DATA PROVIDED -
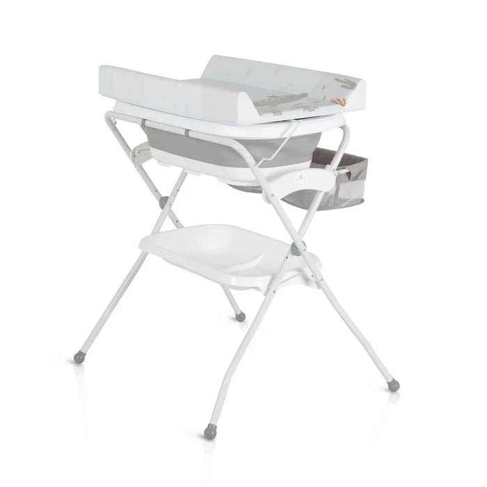 The changing mat is equipped with a waterproof material and a graduated scale in centimeters to help you monitor your baby’s growth. The bathtub includes a foldable side compartment for storing accessories and a practical drainage hose with a plug, allowing effortless water drainage in both wet and dry rooms.
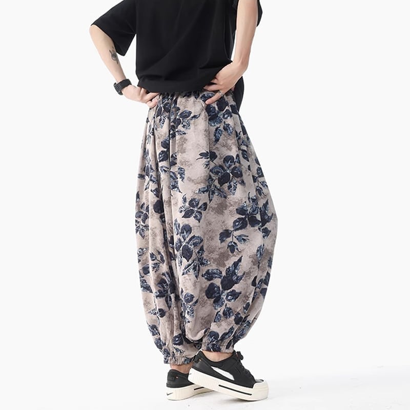 【BFシリーズ】★チャイナ風ズボン★ ボトムス ズボン 男女兼用 メンズ 大きいサイズ 花柄 絞り染め
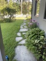Legge belegningsstein og bygge om trappBelegningsstein i hage 30-40 m. 1-1, 5 m brede. Se på løsning for å bygge om trapp til øvre platå ca 1m høy med gelender. Se på løsning for bed/beplantning-
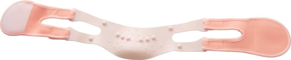 あご部分はシリコーン素材で輪郭に着圧フィット!突起付きであご下を刺激します。
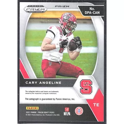 This is a 2021 Panini Prizm Draft Picks Collegiate Autographs Orange Ice Cary Angeline autographed football card. This card has been signed, in blue, by Cary Angeline, and is guaranteed authentic by Ballcardz.com. The card is #DPA-CAN and pictures show condition.
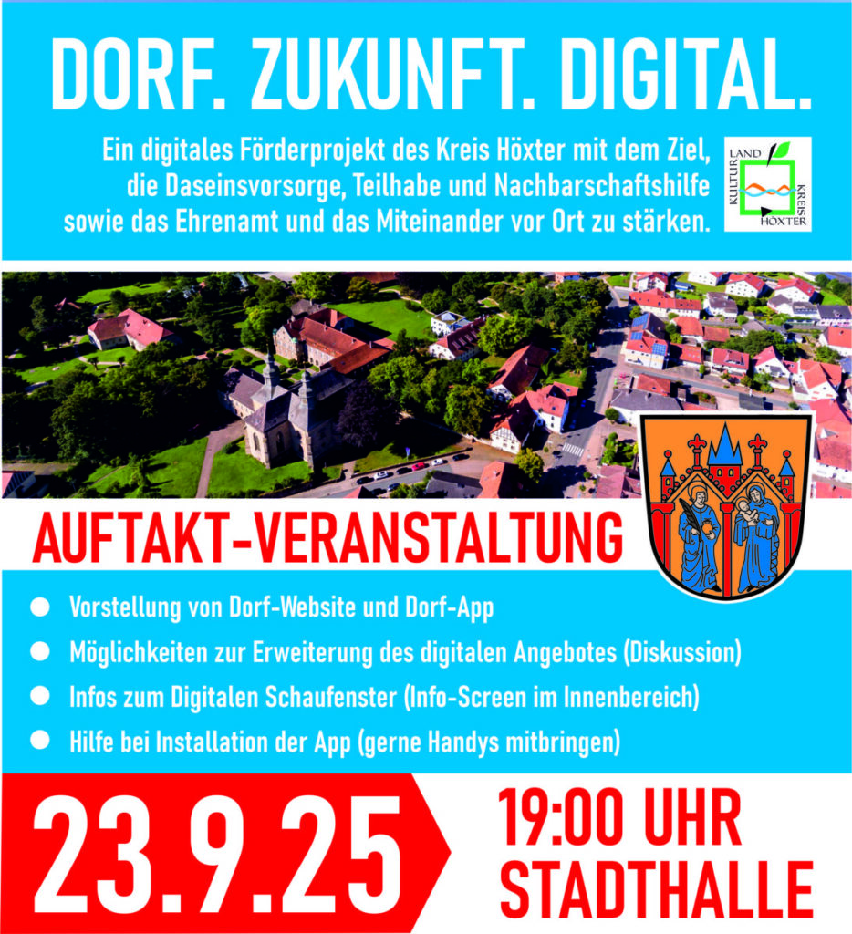 Bitte macht in Eurem Netzwerk Werbung für diese wichtige Auftaktveranstaltung. Eine gut besuchter Auftakt zeigt dem Fördergeber, dass wir als örtliche Gemeinschaft Interesse an der digitalen Verbesserung des Miteinander haben.
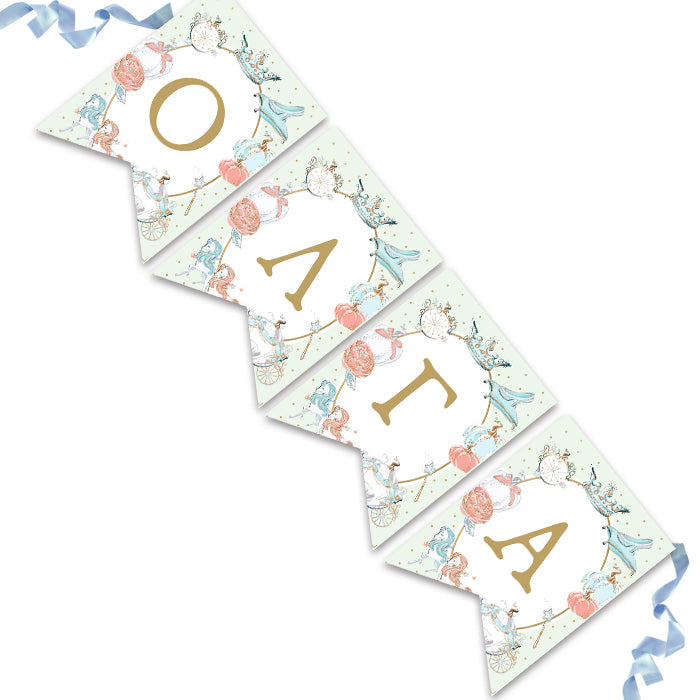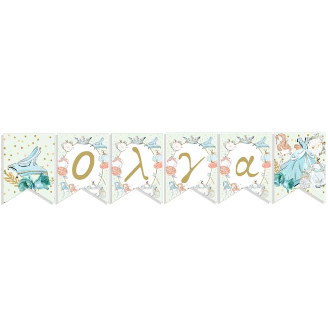 Διακοσμητικά σημαιάκια με το όνομα του μωρού σας και θέμα τη Σταχτοπούτα.
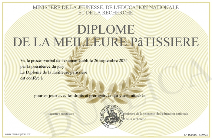 Envoyez par email votre Diplôme de la meilleure pâtissière personalisé

TASK TO CARRY OUT - Your answer must be the lines from the one containing "大きいサイズ 花柄 絞り染め" through the last line of the records, copied exactly, with no pictures.

PROBLEM SOLUTION -
 【BFシリーズ】★チャイナ風ズボン★ ボトムス ズボン 男女兼用 メンズ 大きいサイズ 花柄 絞り染め
Legge belegningsstein og bygge om trappBelegningsstein i hage 30-40 m. 1-1, 5 m brede. Se på løsning for å bygge om trapp til øvre platå ca 1m høy med gelender. Se på løsning for bed/beplantning-
 あご部分はシリコーン素材で輪郭に着圧フィット!突起付きであご下を刺激します。
 This is a 2021 Panini Prizm Draft Picks Collegiate Autographs Orange Ice Cary Angeline autographed football card. This card has been signed, in blue, by Cary Angeline, and is guaranteed authentic by Ballcardz.com. The card is #DPA-CAN and pictures show condition.
 Bitte macht in Eurem Netzwerk Werbung für diese wichtige Auftaktveranstaltung. Eine gut besuchter Auftakt zeigt dem Fördergeber, dass wir als örtliche Gemeinschaft Interesse an der digitalen Verbesserung des Miteinander haben.
 Διακοσμητικά σημαιάκια με το όνομα του μωρού σας και θέμα τη Σταχτοπούτα.
 Envoyez par email votre Diplôme de la meilleure pâtissière personalisé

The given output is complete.